I change kibbles with almost every bag, but not because of Molly being 'picky' but because a long time exposure to a single protein can set up an allergic response in some dogs and I'd rather be safe than sorry! Dr Karen Becker has a video on the subject of food allergies.............


----------



## Mehpenn (Jan 18, 2010)

MollyMuiMa said:


> If Tilly is just 'slim' and not emaciated looking she is probably just fine! If she is eating and her BMs are good she won't starve herself................
> I change kibbles with almost every bag, but not because of Molly being 'picky' but because a long time exposure to a single protein can set up an allergic response in some dogs and I'd rather be safe than sorry! Dr Karen Becker has a video on the subject of food allergies.............


The only real reason I keep with the River Run is because that's honestly the only food we've found that doesn't make Greta sick. 
I'm not opposed to buying a different brand for Tilly. I've tried a couple, with the same results. She absolutely refused to eat the Taste of the Wild. sge kinda halfway ate the Blue, about as good as she eats the River Run.


----------



## shell (Jul 10, 2015)

My Tucker has always been on the slim side and oh so picky about food. I home cooked for him for a long time, until I got tired of him turning his nose up at meals that I spent hours making. Now, I feed kibble twice a day. If he eats, great, if he does not, then I know he will be all the more excited for his next meal. After several years of catering to it, I am done. He has never starved himself.


----------



## bigpoodleperson (Jul 14, 2009)

I have a very picky eater as well that is super skinny. He might get excited about a new food for a few weeks and then is done. It is just him, and I mostly just let him eat what he wants.

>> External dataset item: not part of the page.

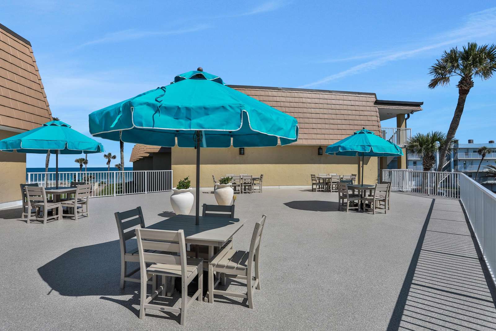This unit boasts a private patio with panoramic ocean views, perfect for enjoying your morning coffee or watching the sunset over the water. You'll also have access to a shared outdoor pool as well as a private boardwalk that leads directly to the beach.
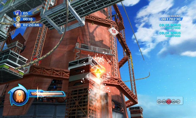 Wat ik wel moet toegeven is dat de level-structuur niet altijd even uitgebreid is als in de DS-versie. Sommige gebieden voelen iets te kort aan en de gelaagdheid uit vorige titels is soms wat zoek. Wat ik persoonlijk als oorzaak (of gevolg?) van deze verandering zie, is de aanpassing van de mechaniek. Aangezien verhaal, setting en zelfs de werking van de power-up hetzelfde is als bij de DS, lijkt het logisch dat het verloop qua gameplay in dezelfde stijl zou liggen. Niets is minder waar. Sonic staat bekend als een actiefranchise die tempo en feilloosheid hoog in het vaandel houdt. Sonic Colours Wii is een platform game, met snelheidssegmenten. In het begin valt het misschien niet zo hard op, maar de gewaarwording is onvermijdelijk. Een leven verliezen gebeurt niet langer aan de hand van een vijand of een stel scherpe pinnen. Nee, de bodemloze put is je nemesis. Je moet knoppen indrukken om poorten te openen en de Wisps gebruiken om kleine puzzels en hindernissen te doorlopen. Het grootste gevaar hierbij is de aanpak: als je Sonic Colours speelt zoals elke andere klassieke Sonic, dan geraak je even ver als de platgereden egels langs de snelwegen. In platformers zijn haast en spoed zelden goed - tenminste, wanneer er een afgrond onder je pootjes huist. Mensen die niet houden van 'sterfte door afgrond'-scenario's zijn bij deze gewaarschuwd.

If your dog eats it, and is skinny but otherwise okay then I would let it go. Don't try and cater to her as it seems she doesn't care. My advise with personal experience is to just let her be.


----------



## FireStorm (Nov 9, 2013)

Hans was never a big fan of kibble and was always kind of lean. He does seem to like both the Natures Logic and the Wysong kibbles though. They are the only ones he will consistently eat without a topper, and they are small pieces. I rotate through all the different versions of those because I'm of the same mindset as MollyMuiMa regarding allergies. I also buy small bags (Wysong only comes in 5lb bags, Natures logic comes in a few sizes) or freeze part of it if I buy a big bag because Hans will not eat it if it gets stale. He only eats 1 cup of kibble a day, and then some raw, so a 5lb bag lasts us a while.


----------



## MollyMuiMa (Oct 13, 2012)

A good point about buying/storing kibble! Nutritionally wise an opened bag of kibble is only really good for 2 weeks according to an article called "How Long Does Kibble Last"
GOOGLE it....it might be why your dog turns it's nose up at it's food because as you know a dog's sense of smell is 200x better than a human's ...............I also freeze my kibble cuz a 5lb bag lasts me more than 6wks!!


----------



## Mehpenn (Jan 18, 2010)

With the five dogs all eating the same thing, we go through a bag of kibble in two weeks. So it shouldn't be stale.


----------



## aasteapots (Oct 6, 2013)

Mehpenn said:


> Characters:Question: in an attempt to encourage Tilly's appetite, I would be willing to change/adjust her diet. Suggestions are welcome.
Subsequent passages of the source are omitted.